A customer receives a shopping bag with a photo of Korean actor Kim Soo-hyun at Lotte Department Store in Seoul. Local retailers want to bring in Chinese tourists during the Lunar New Year holiday next week. By Choi Seung-sik

In early February, a rumor that Korean actor Kim Soo-hyun from “My Love From the Star” was scheduled to appear on the Chinese dating game show “Feichengwurao,” or “You Are the One,” drew excitement from users of the country’s social media services Weibo and WeChat.

The rumor spread after the popular Chinese show announced that a “Lotte oppa” (oppa meaning favorite male star in Korean) will appear on the show on Feb. 7, while displaying a photo of Kim, a model for Lotte Department Store, on a screen in the background.

But the “Lotte oppa” who showed up was not Kim - disappointing many Chinese Hallyu fans. He was a regular Korean guy named Jeong Yeol, a member of Lotte Department Store’s global marketing team.

“We will give a bunch of benefits especially to you girls, so please visit Lotte when you get a chance to travel to Korea,” Jeong said in fluent Mandarin, giving out his name card and promotional tumblers to 24 female contestants. Jeong even sang a K-pop song and showed his dance skills.


Putting Jeong on the hit Chinese TV show was part of Lotte’s marketing strategy to attract 126,000 Chinese tourists to the department store over Lunar New Year next week. Lotte’s goal is to create special promotions to win over tourists who are familiar with Korea.

“At this point, Chinese people may be tired of Korea,” said Koo Dong-wook, head of the global marketing team at Lotte Department Store. “In order to make youker [Chinese tourists] loyal visitors of Korea with new things to see each time, we have to look into their style and their hearts. Simple marketing strategies don’t work on visiting customers anymore.”

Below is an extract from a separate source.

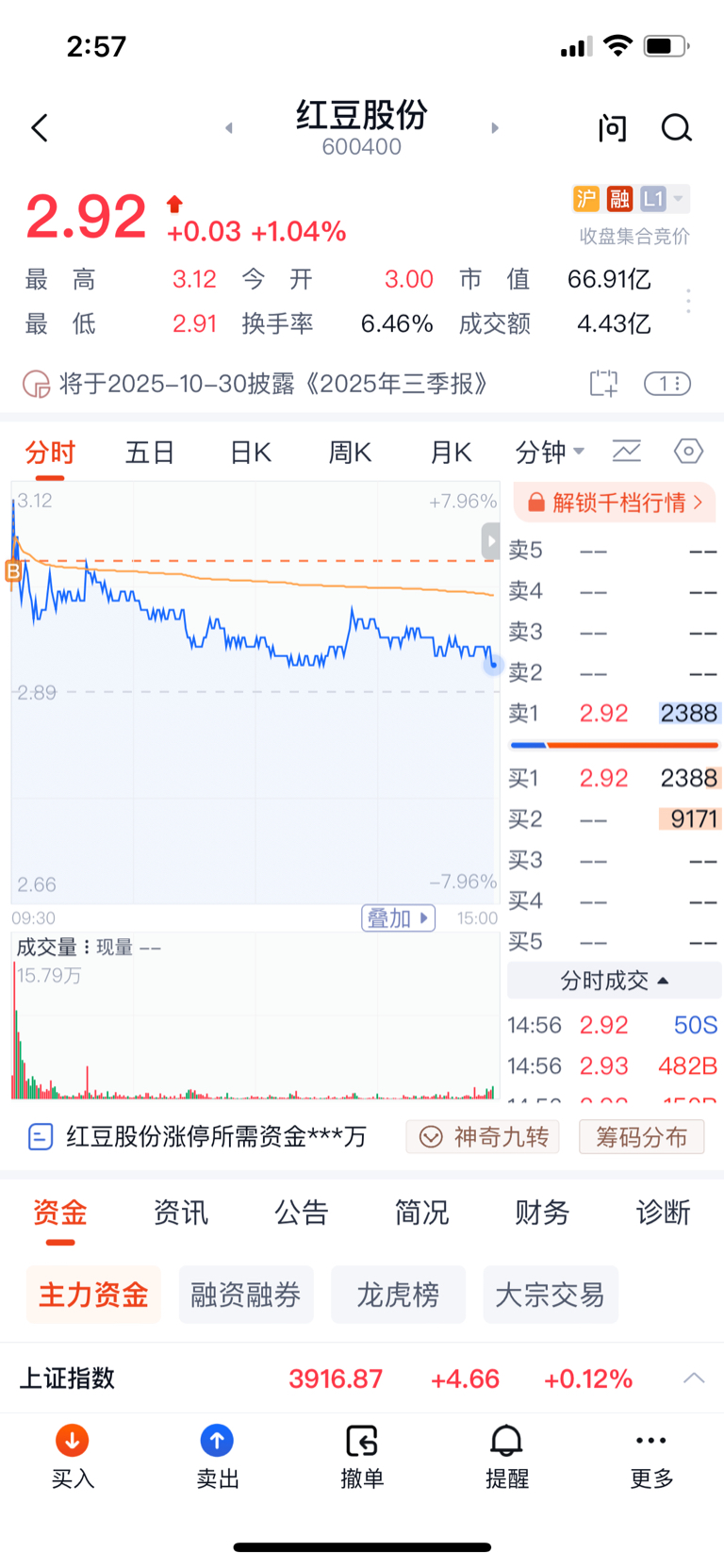 $红豆股份(SH600400)$ 已经是第三次杀我了。

In fact, Chinese tourists are not very satisfied with their visits to Korea.

According to a survey of tourists from 16 countries by the Korea Culture and Tourism Institute, Chinese tourists ranked 14th for satisfaction.

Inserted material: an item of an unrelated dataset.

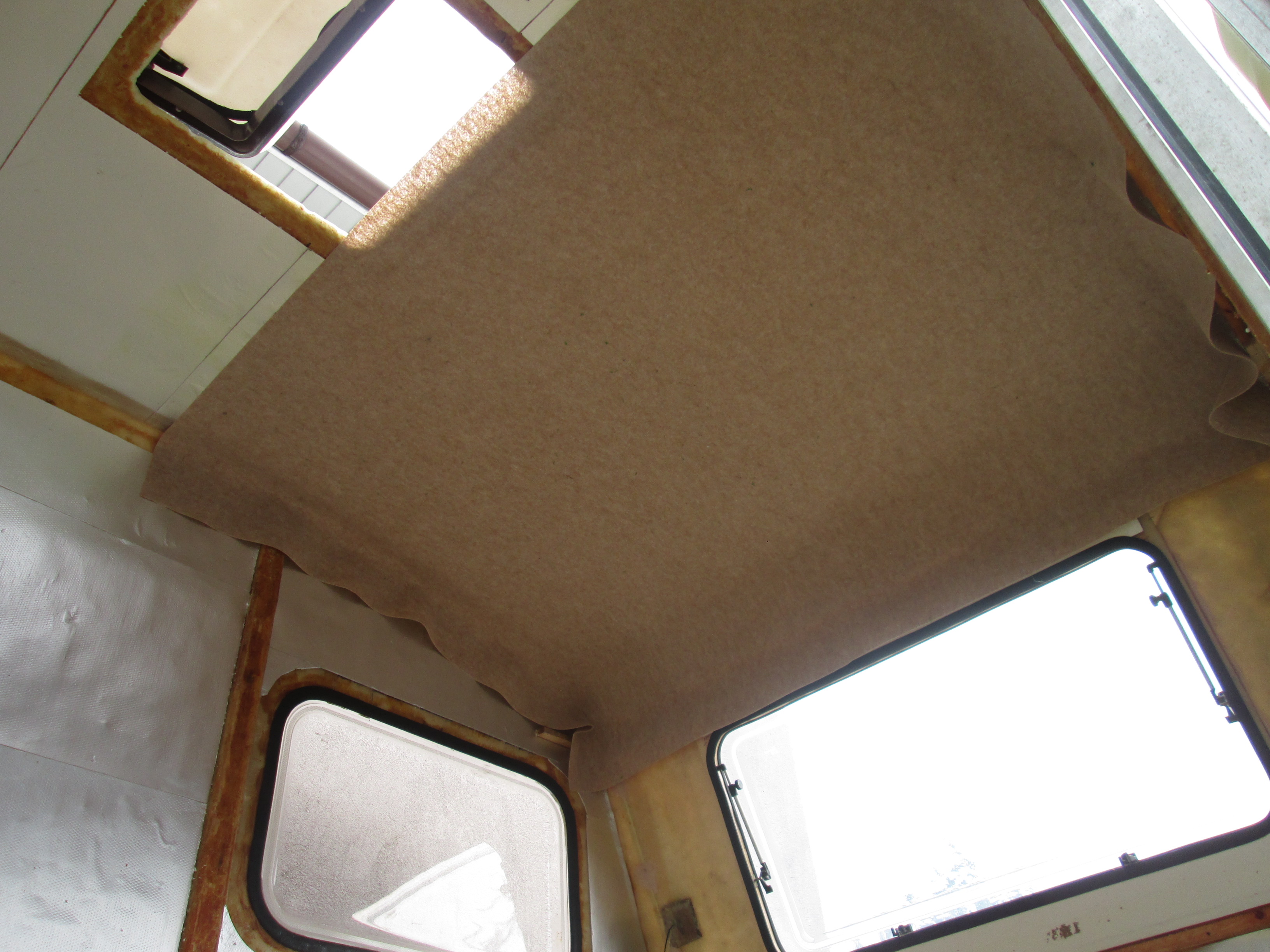 i wg niej rozpocząć klejenie ponieważ dach nie jest płaski to myślę że nad szafą ubraniową potrzebne cięcie poprzeczne , aby wykładzina się ułożyła na kszywiznie dachu , ja składałem płytę z dwóch części i gimnastykowałem się z kształtem łuku poprzecznego i wzdłużnego

“Because China and Korea are so similar in cultural aspects, youker may be less satisfied after traveling to Korea,” said Choi Kyung-eun, a research fellow in charge of Chinese tourists at the institute. “Now is the time for us to come up with a solution to boost the quality of their travel experience instead of attracting more tourists.”

At Lotte Department Store’s main branch, spending by Chinese accounted for 17.2 percent of the branch’s total sales last year, a big jump from 5.1 percent in 2012.

But year-on-year sales growth from them has shrunk from 152 percent in 2012 to 70 percent last year. At the same time, Chinese tourists’ spending is becoming more important to retailers due to Korea’s economic slowdown.

The slow sales growth led Lotte to start a separate marketing team for foreign shoppers in October, which came up with the idea to put Jeong on China’s No. 1 rated show.

But Lotte is not the only one looking for new ways to draw in customers.

Shinsegae Department Store recently hired two Chinese employees to join its global marketing team.

However, the Chinese tourists who the JoongAng Ilbo met in Myeongdong, central Seoul, on Friday said that shopping is not the only thing they want to do in Korea.

“I want to go to actual sightseeing places, but there aren’t enough Chinese-speaking travel guides,” said tourist Li Wen-ting, 27.